DATA TO PROCESS -
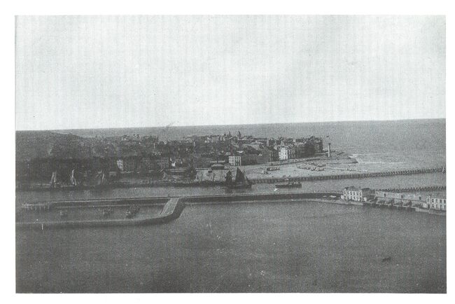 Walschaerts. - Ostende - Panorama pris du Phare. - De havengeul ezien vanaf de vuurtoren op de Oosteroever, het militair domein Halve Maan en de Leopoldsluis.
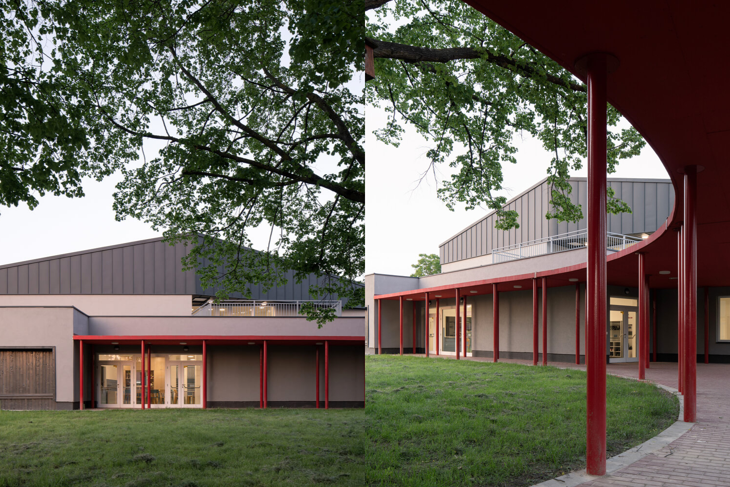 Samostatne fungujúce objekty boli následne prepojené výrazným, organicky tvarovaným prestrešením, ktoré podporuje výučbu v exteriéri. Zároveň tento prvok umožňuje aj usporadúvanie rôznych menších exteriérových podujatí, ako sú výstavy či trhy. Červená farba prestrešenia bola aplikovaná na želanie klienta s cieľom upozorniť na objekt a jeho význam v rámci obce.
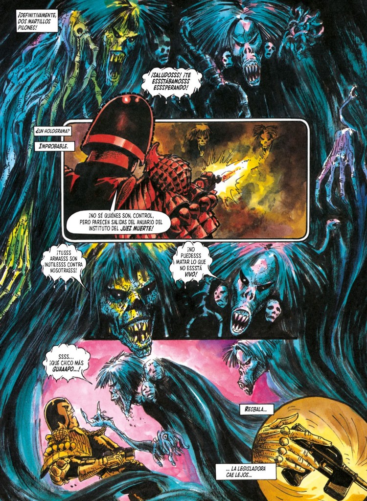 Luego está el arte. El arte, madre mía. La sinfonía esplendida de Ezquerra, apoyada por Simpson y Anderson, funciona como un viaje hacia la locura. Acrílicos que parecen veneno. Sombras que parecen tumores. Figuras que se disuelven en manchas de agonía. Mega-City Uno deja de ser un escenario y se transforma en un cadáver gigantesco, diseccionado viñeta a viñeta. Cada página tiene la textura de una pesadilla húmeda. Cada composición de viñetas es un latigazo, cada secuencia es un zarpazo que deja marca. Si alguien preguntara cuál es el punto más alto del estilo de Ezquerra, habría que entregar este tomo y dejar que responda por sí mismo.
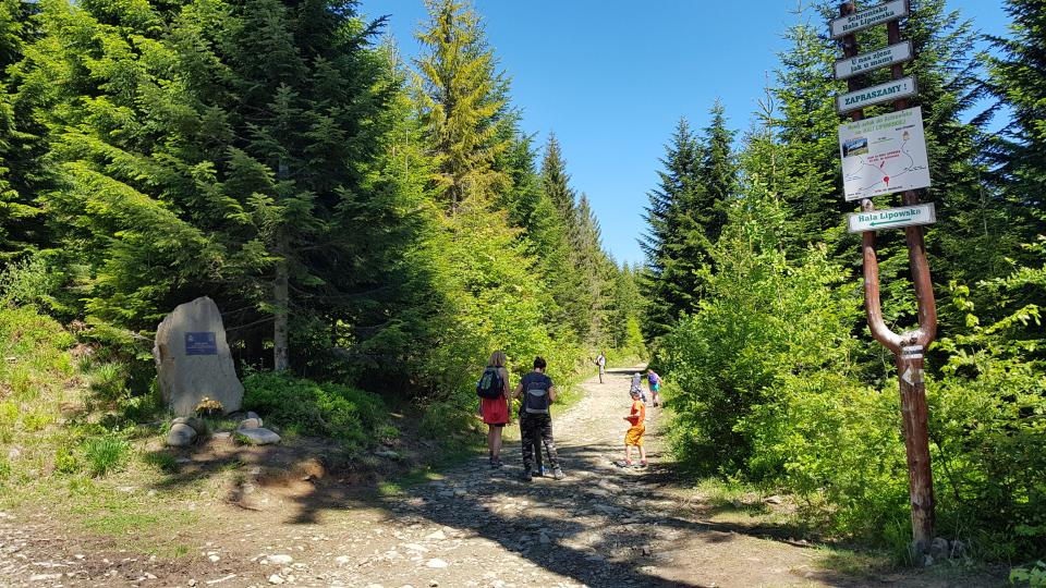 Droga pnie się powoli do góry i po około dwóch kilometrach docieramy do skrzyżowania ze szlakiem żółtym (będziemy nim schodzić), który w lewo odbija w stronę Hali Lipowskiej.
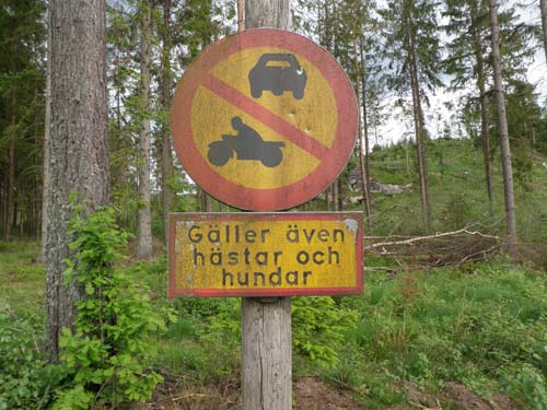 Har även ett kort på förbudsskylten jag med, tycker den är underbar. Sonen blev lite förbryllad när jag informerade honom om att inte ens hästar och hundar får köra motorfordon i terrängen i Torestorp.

* * *

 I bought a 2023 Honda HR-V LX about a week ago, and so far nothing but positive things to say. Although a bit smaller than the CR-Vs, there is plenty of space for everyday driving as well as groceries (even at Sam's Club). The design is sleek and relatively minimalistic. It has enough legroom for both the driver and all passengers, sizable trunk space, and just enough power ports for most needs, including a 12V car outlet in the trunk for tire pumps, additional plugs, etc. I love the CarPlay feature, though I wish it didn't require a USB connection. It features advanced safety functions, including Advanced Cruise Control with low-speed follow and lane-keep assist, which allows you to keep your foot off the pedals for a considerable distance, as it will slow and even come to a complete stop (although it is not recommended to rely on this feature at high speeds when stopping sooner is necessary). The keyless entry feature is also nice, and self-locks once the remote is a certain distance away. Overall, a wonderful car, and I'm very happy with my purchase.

---

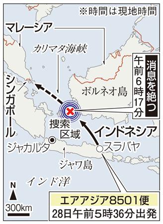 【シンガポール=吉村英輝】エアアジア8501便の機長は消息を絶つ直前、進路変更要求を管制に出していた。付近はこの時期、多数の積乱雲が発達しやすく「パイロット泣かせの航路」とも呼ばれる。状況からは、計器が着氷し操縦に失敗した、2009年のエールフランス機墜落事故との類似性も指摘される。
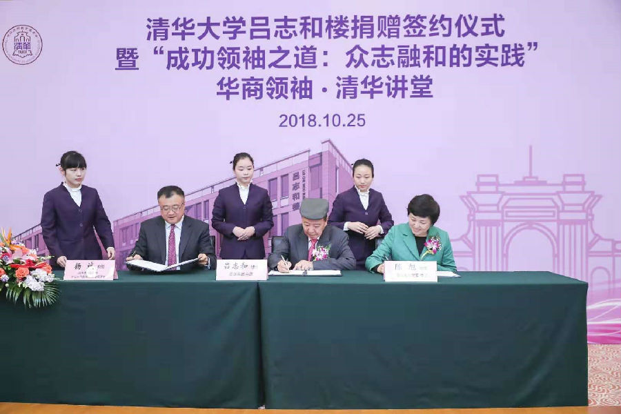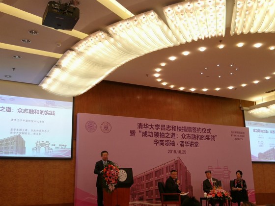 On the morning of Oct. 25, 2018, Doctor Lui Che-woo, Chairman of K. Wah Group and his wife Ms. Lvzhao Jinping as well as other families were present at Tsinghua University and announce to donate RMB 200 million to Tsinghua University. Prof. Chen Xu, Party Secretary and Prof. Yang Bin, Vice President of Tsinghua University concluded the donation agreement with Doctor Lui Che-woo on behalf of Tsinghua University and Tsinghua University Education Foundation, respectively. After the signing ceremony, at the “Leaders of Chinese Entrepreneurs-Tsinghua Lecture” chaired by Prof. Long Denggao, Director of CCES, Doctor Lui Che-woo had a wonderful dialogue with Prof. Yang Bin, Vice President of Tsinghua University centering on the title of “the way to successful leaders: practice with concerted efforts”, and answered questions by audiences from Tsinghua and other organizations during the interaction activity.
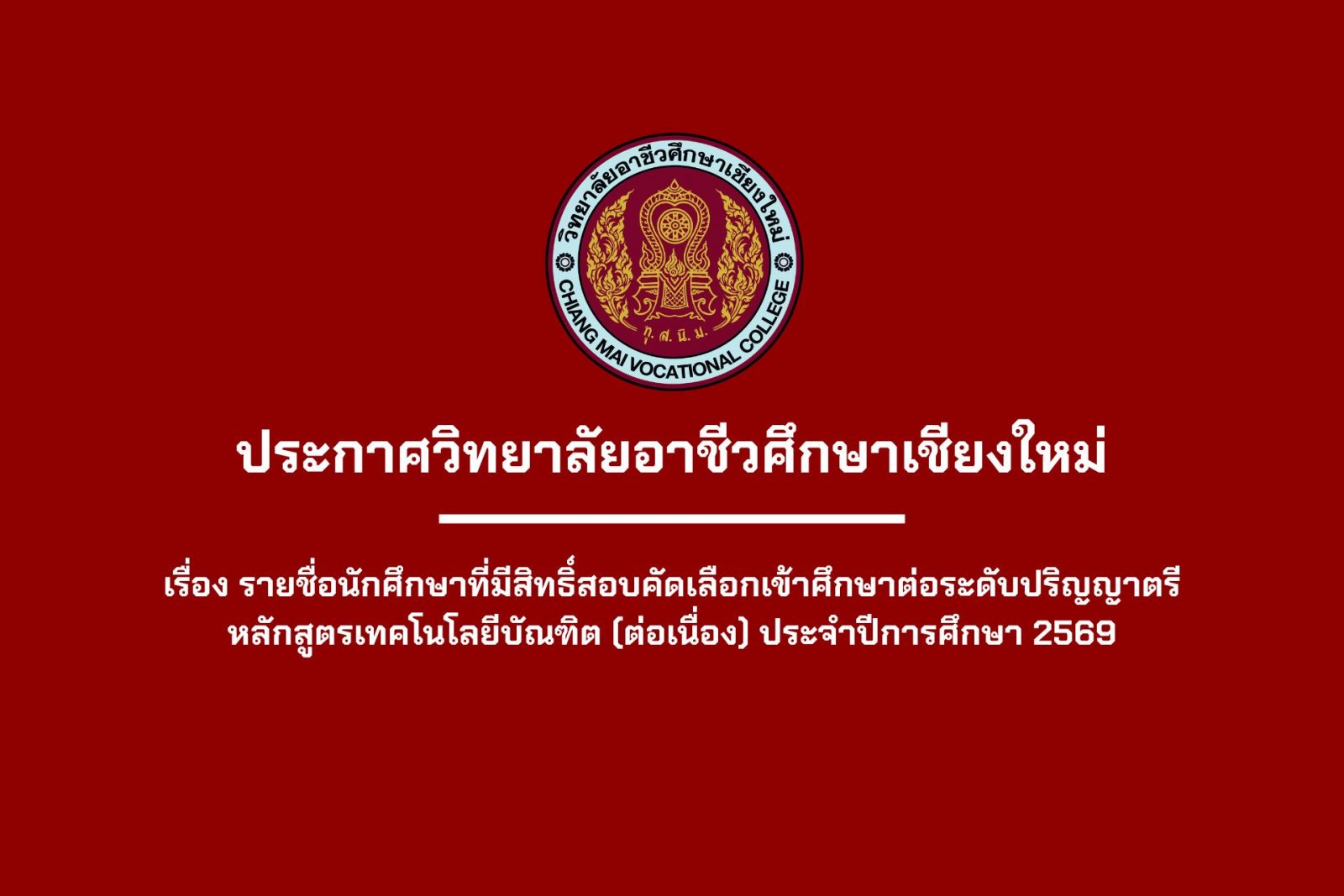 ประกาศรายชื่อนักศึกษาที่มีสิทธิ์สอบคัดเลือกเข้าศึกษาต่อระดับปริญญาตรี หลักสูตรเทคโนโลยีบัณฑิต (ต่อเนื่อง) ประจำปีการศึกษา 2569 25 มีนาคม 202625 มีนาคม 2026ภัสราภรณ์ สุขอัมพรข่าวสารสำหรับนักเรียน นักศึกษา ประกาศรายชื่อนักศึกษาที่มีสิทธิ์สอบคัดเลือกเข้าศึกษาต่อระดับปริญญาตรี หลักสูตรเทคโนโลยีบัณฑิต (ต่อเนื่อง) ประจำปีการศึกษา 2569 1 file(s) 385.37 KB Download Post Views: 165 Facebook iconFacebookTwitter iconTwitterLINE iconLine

WORK TO BE COMPLETED - Give again, exactly as written above, every line from the one holding "Droga pnie się" to the one holding "Har även ett", with both ends kept and the pictures left out.

EXERCISE RESULT -
 Droga pnie się powoli do góry i po około dwóch kilometrach docieramy do skrzyżowania ze szlakiem żółtym (będziemy nim schodzić), który w lewo odbija w stronę Hali Lipowskiej.
 Har även ett kort på förbudsskylten jag med, tycker den är underbar. Sonen blev lite förbryllad när jag informerade honom om att inte ens hästar och hundar får köra motorfordon i terrängen i Torestorp.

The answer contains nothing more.